Abby: You've got so many roles that you're balancing as a professor and also a co-founder of your startup. What does your work-life balance look like, especially in these times? 

Lourdes: There are so many things to juggle. Just being a professor means that you're doing more than one job and then on top of that, entrepreneurship with Synthesia. I think the key to all this is to surround yourself with a great team. I try to work very closely with my Ph.D. students, with my postdocs and have a tight-knit group that helps. You can move a lot faster and achieve a lot more if everybody is working together. Likewise, with Synthesia: we have a team where everybody can focus on whatever they do best.

Abby: Divide and conquer. We talk about it all the time.

Lourdes: Having said that, our daily routine is pretty crazy. And especially these days when we are running everything from home. If anything, I have to admit that for some things it's been fantastic. No commuting means that you can spend time on things that matter more, like spending time with your family as well.

Abby: That's the #1 benefit that everybody I know talks about! I'm glad that it's going well and that you've got such a great relationship with your team and you make all these different pieces work together into such a symbiotic relationship. I know you've got kids at home, so I wonder how you described what you do at work to your kids when they were two years old.

Lourdes: With a two-year-old, I would play a game. I would tell them something like, "Go into that room, find your favorite teddy bear and bring it back!" They would probably run and find it very quickly and then bring it back. Then I would say, "Okay, I'm going to blindfold you and now find this other thing and bring it back." Obviously, they would very quickly realize that vision is so important to carry out many of the tasks that we do. 

I'll give them a picture of a few people and say, "Find your mom in that picture! Is she happy or is she a bit sleepy?" I try to get them to reason about the information that's in images and to see that it is something that comes so naturally to us. And then you can explain how you can make a computer do the same thing. You put a camera and get images, but you still have to make sense of those, and these are the kinds of things that we do at work. 

If they're a little bit older, then it's easier. I remember going to my son's class when he was about nine or ten to talk to kids about visual effects for the film industry and how you could synthesize all these images. They can connect with that and also with video games. I think we're very fortunate that it's a field that everybody can relate to.

Lourdes started her keynote with a story about the most memorable gift she has ever received © Robert Wright

Lourdes started her keynote with a story about the most memorable gift she has ever received © Robert Wright

Abby: Do you remember when you first became fascinated with computer vision?

Lourdes: After I'd finished my Master's in computer science, I went to a summer school and there was a presentation from a research group that had a robot that was moving around the environment, avoiding obstacles based on the information that it was gathering from an ultrasound sensor. I was so fascinated by this and robotics in general that I then started my Ph.D. with that research group. In my thesis, I researched the idea of having two cameras that were looking at the world and trying to infer information about the world to guide a robot.

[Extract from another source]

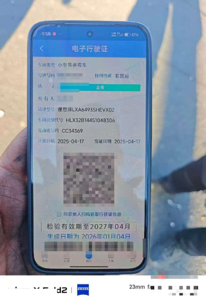 初次登记日期 2025-04-17 车辆名称 理想汽车 理想

Abby: When was that? Because now that's kind of overtaken the robotics industry and this is seen as the future of it, right?

Lourdes: I started my Ph.D. in 1991. What we could do in those days was pretty limited. It's quite interesting that we have moved quite a lot in this field, but it's such a complex perception problem that we're trying to solve, that in some ways we're only scratching the surface just now.

Abby: Fascinating! Your work is focused on the 3D reconstruction process from videos and images. What are some of the applications for this technology?

Lourdes: Many tasks can be solved just with 2D information but I’m more interested in the tasks in which a computer or a robot needs to interact with the world. Imagine that you want to build a robot that is going to take out all the clean stuff from the dishwasher, empty the dishwasher, and clear everything away. You need 3D information for that. And cognitively, those are very complex tasks, because they require not just recognition and being able to identify the objects, but also to be able to estimate their shape, how am I going to grasp the objects and what's the actual interaction.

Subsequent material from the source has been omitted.